• _Your objective_: Exact copies of all entries are needed. Pictures are to be left out.

• _Exercise data_:
____________

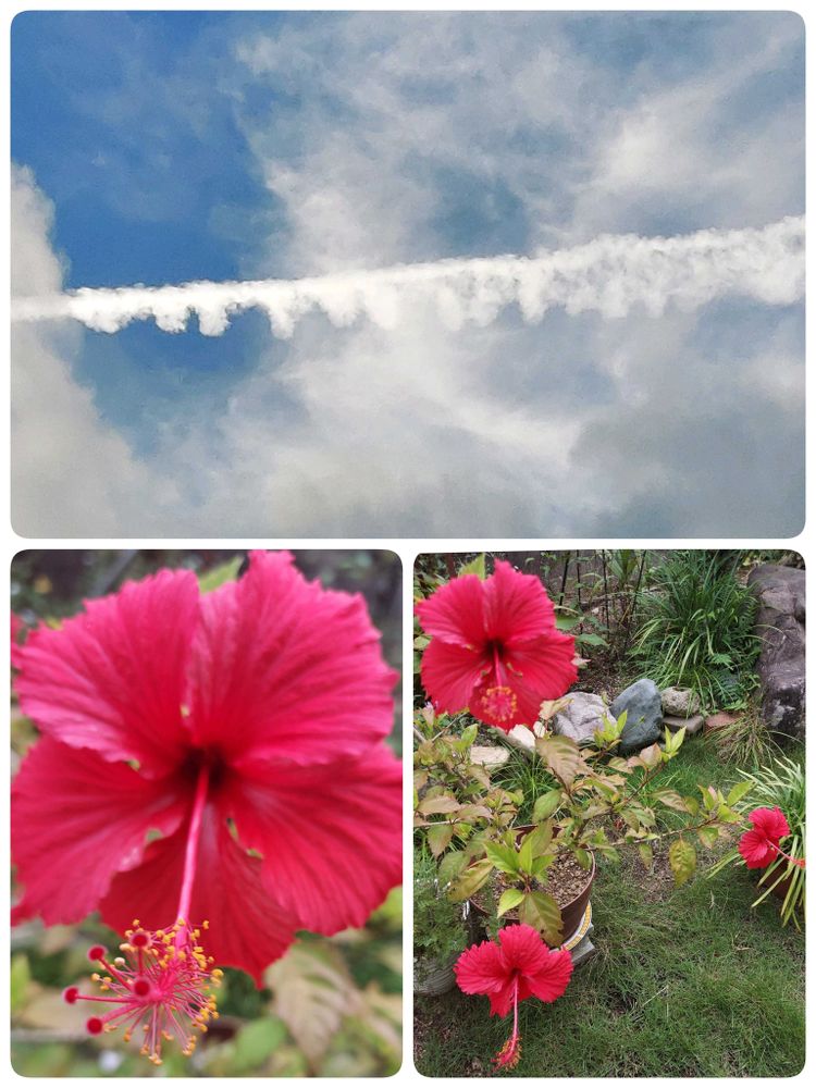 昨日 久しぶりに 我が家の鉢植え ハイビスカス🌺さん 4輪 咲いていました。1枚はアップで 空を見上げると
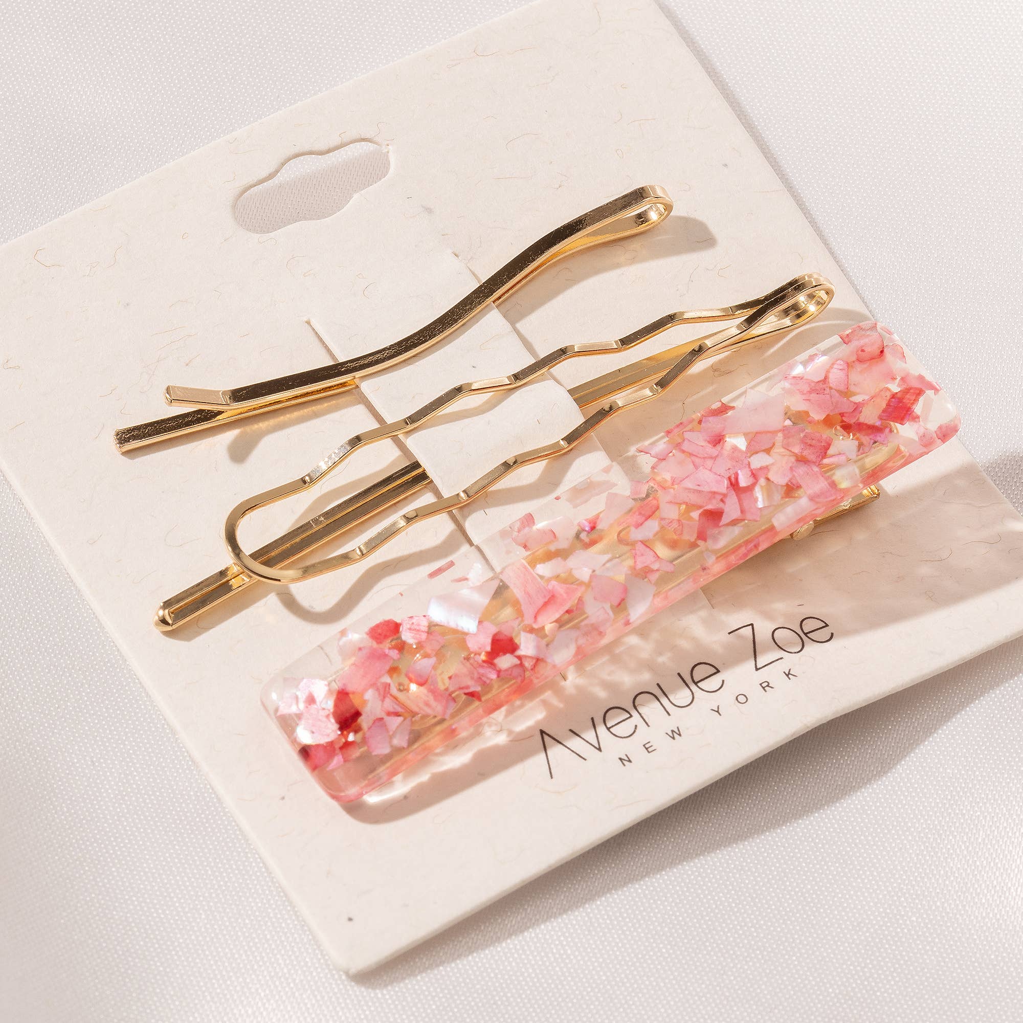 Style No : AZCH346472 Set of 3 assorted hair pin set Approx: 2.5" Material: 100% Alloy Lead Compliant, Nickel Free To prevent tarnish, please avoid wet substances
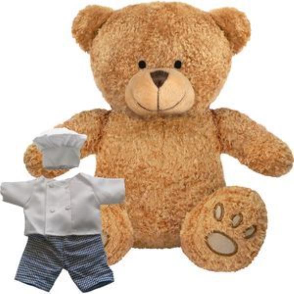 BLANK PLUSH SOFT TOY EDWARD I TEDDY BEAR with Chef Outfit. Suitable for All Ages, Machine Embroidered Paws & Facial Features, White Hat & Jacket, Gingham Trousers, Seated Height 22cm Approx, Brown Colour Fur - Available in Two Colours. Minimum Quantity: 10.
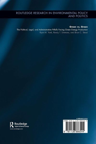 Renewable and carbon-neutral energy have been promoted as the future of energy production in the United States. Non-traditional energy sources show promise as alternatives to fossil fuels and may provide a sustainable source of energy in increasingly uncertain energy markets. However, these new sources of energy face their own set of political, administrative, and legal challenges. Green vs. Green explores how mixed land ownership and existing law and regulation present serious challenges to the development of alternative energy sources in the United States. Analytically examining and comparing five green energy sectors; wind, solar, geothermal, biofuel and hydro power, Ryan M. Yonk, Randy T. Simmons, and Brian C. Steed argue that discussing alternative energy without understanding these pitfalls creates unrealistic expectations regarding the ability to substitute "green" energy for traditional sources. The micro-goals of protecting individual areas, species, small-scale ecosystems, and other local environmental aims often limits ability to achieve macro-goals like preventing global climate change or transitioning to large-scale green energy production. Statutes and regulations designed to protect environmental and cultural integrity from degradation directly conflict with other stated environmental ends. Although there is substantial interest in adding clean energy to the grid, it appears that localized environmental interests interfere with broader environmental policy goals and the application of existing environmental laws and regulations may push us closer to gridlock. Green vs. Green provides a fascinating look into how existing environmental law created or will create substantial regulatory hurdles for future energy generations.
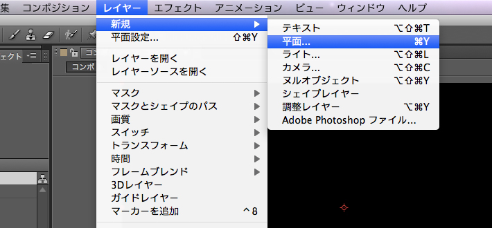 [レイヤー]メニューの中の[新規]→[平面...]を選択します。
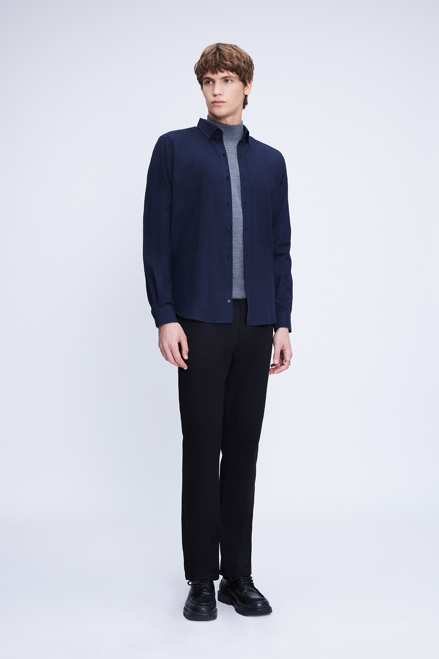 Lacivert Slim Fit Uzun Kol Düğmeli Yaka Flanel Gömlek
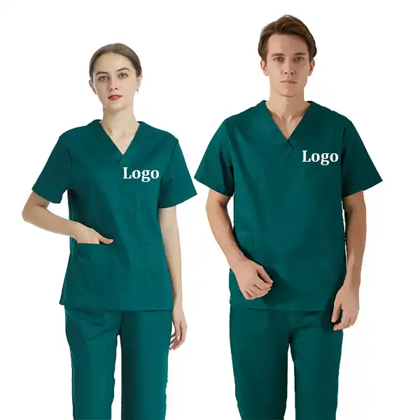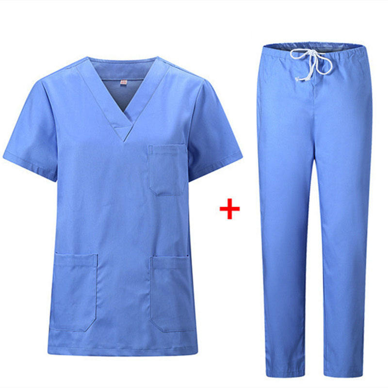 ผ้าฝ้าย 100% คุณภาพสูง oem โลโก้ที่กําหนดเองพยาบาลชุด v คอด้านบนกางเกงผ่าตัดผู้ชายผู้หญิงแพทย์โรงพยาบาลชุดขัดชุดสูท
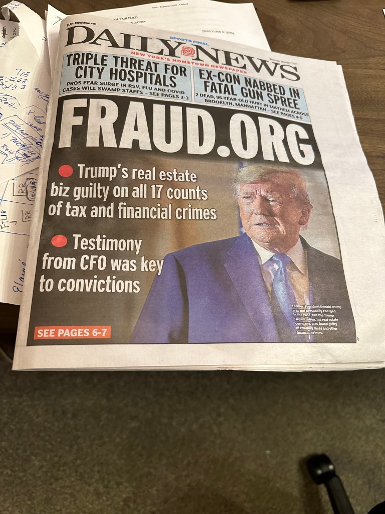 Here is today’s hilarious cover headline on the conviction of Dumpf’s two companies on all 17 counts of tax and financial crimes. I thought you might enjoy it.
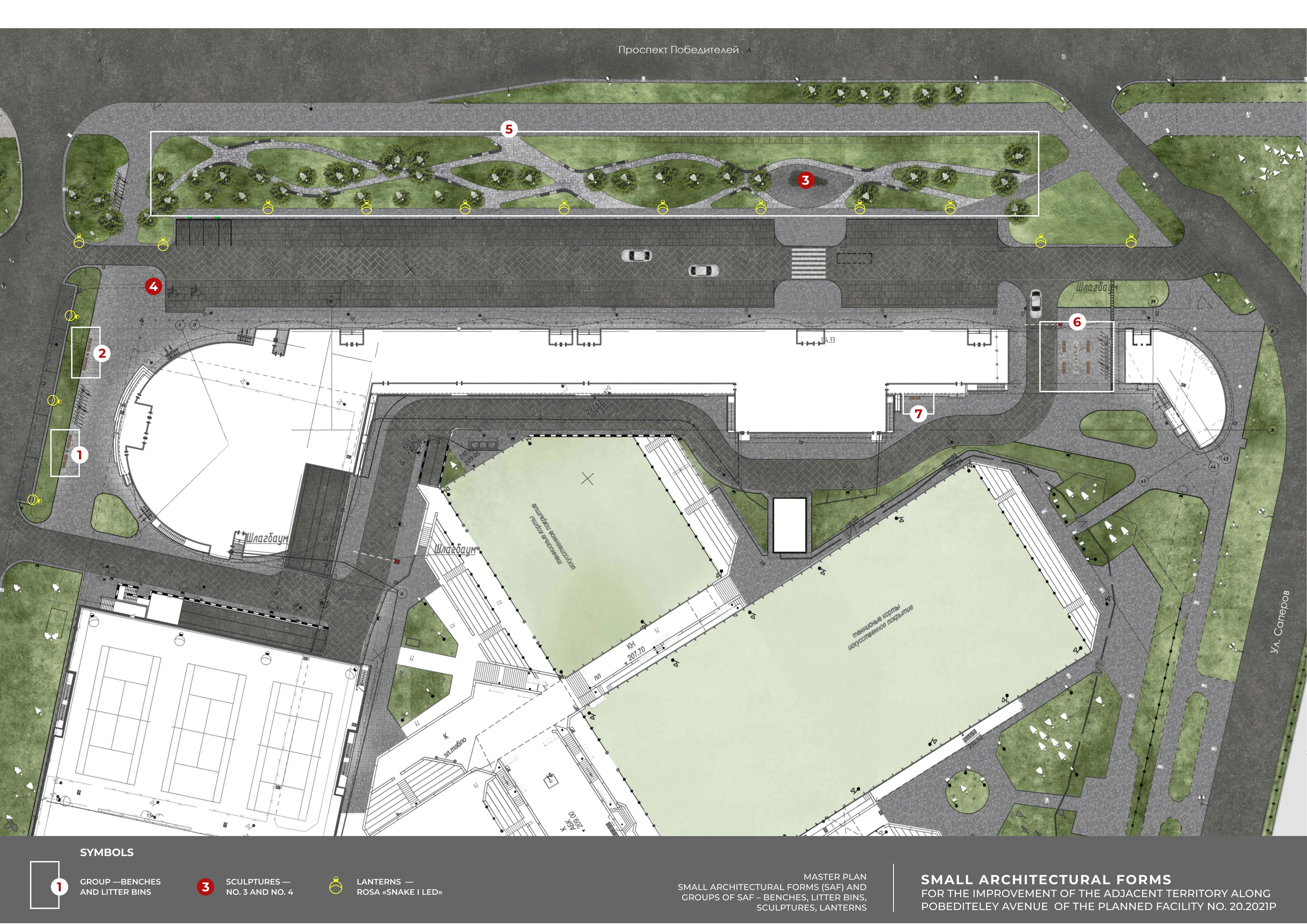 The forecourt is reframed as the complex’s urban threshold: continuous, legible routes tie together key destinations, while furniture and lighting structure the space and improve comfort and safety.
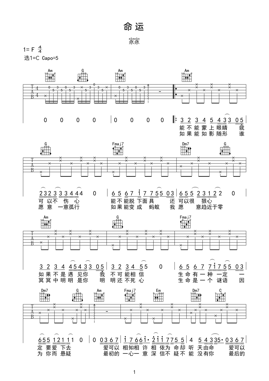 命运吉他谱 - 家家 - C调吉他弹唱谱 - 原版
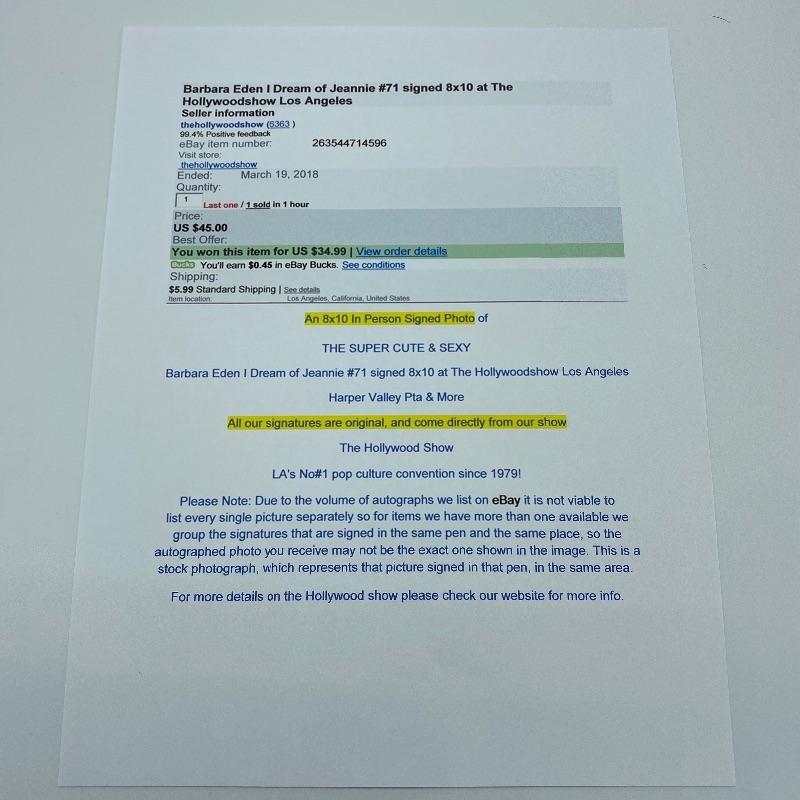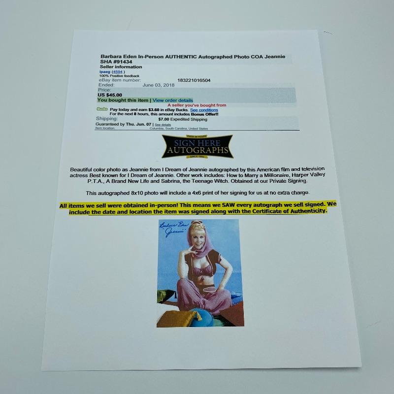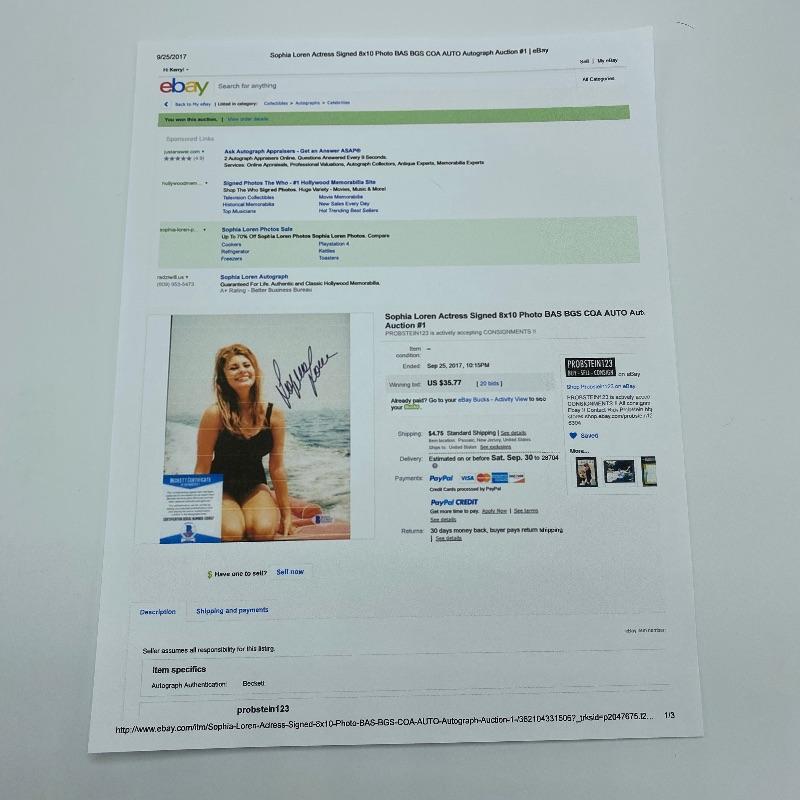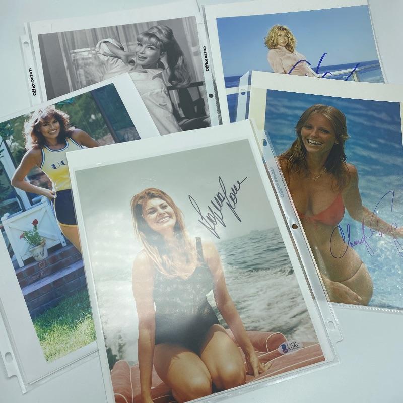 These lovely stars are recognizable to anyone who lived in the last century. Autographed photos include Raquel Welch, Sophia Loren, Cheryl Tiegs (No COA), Pat Priest(one has COA and one does not), Barbara Eden (one has COA, one does not) and Suzanne Somers. All come with a COA except those noted above. Nine photos in all.

____________

• _Response to the exercise_:
 昨日 久しぶりに 我が家の鉢植え ハイビスカス🌺さん 4輪 咲いていました。1枚はアップで 空を見上げると
 Style No : AZCH346472 Set of 3 assorted hair pin set Approx: 2.5" Material: 100% Alloy Lead Compliant, Nickel Free To prevent tarnish, please avoid wet substances
 BLANK PLUSH SOFT TOY EDWARD I TEDDY BEAR with Chef Outfit. Suitable for All Ages, Machine Embroidered Paws & Facial Features, White Hat & Jacket, Gingham Trousers, Seated Height 22cm Approx, Brown Colour Fur - Available in Two Colours. Minimum Quantity: 10.
 Renewable and carbon-neutral energy have been promoted as the future of energy production in the United States. Non-traditional energy sources show promise as alternatives to fossil fuels and may provide a sustainable source of energy in increasingly uncertain energy markets. However, these new sources of energy face their own set of political, administrative, and legal challenges. Green vs. Green explores how mixed land ownership and existing law and regulation present serious challenges to the development of alternative energy sources in the United States. Analytically examining and comparing five green energy sectors; wind, solar, geothermal, biofuel and hydro power, Ryan M. Yonk, Randy T. Simmons, and Brian C. Steed argue that discussing alternative energy without understanding these pitfalls creates unrealistic expectations regarding the ability to substitute "green" energy for traditional sources. The micro-goals of protecting individual areas, species, small-scale ecosystems, and other local environmental aims often limits ability to achieve macro-goals like preventing global climate change or transitioning to large-scale green energy production. Statutes and regulations designed to protect environmental and cultural integrity from degradation directly conflict with other stated environmental ends. Although there is substantial interest in adding clean energy to the grid, it appears that localized environmental interests interfere with broader environmental policy goals and the application of existing environmental laws and regulations may push us closer to gridlock. Green vs. Green provides a fascinating look into how existing environmental law created or will create substantial regulatory hurdles for future energy generations.
 [レイヤー]メニューの中の[新規]→[平面...]を選択します。
 Lacivert Slim Fit Uzun Kol Düğmeli Yaka Flanel Gömlek
 ผ้าฝ้าย 100% คุณภาพสูง oem โลโก้ที่กําหนดเองพยาบาลชุด v คอด้านบนกางเกงผ่าตัดผู้ชายผู้หญิงแพทย์โรงพยาบาลชุดขัดชุดสูท
 Here is today’s hilarious cover headline on the conviction of Dumpf’s two companies on all 17 counts of tax and financial crimes. I thought you might enjoy it.
 The forecourt is reframed as the complex’s urban threshold: continuous, legible routes tie together key destinations, while furniture and lighting structure the space and improve comfort and safety.
 命运吉他谱 - 家家 - C调吉他弹唱谱 - 原版
 These lovely stars are recognizable to anyone who lived in the last century. Autographed photos include Raquel Welch, Sophia Loren, Cheryl Tiegs (No COA), Pat Priest(one has COA and one does not), Barbara Eden (one has COA, one does not) and Suzanne Somers. All come with a COA except those noted above. Nine photos in all.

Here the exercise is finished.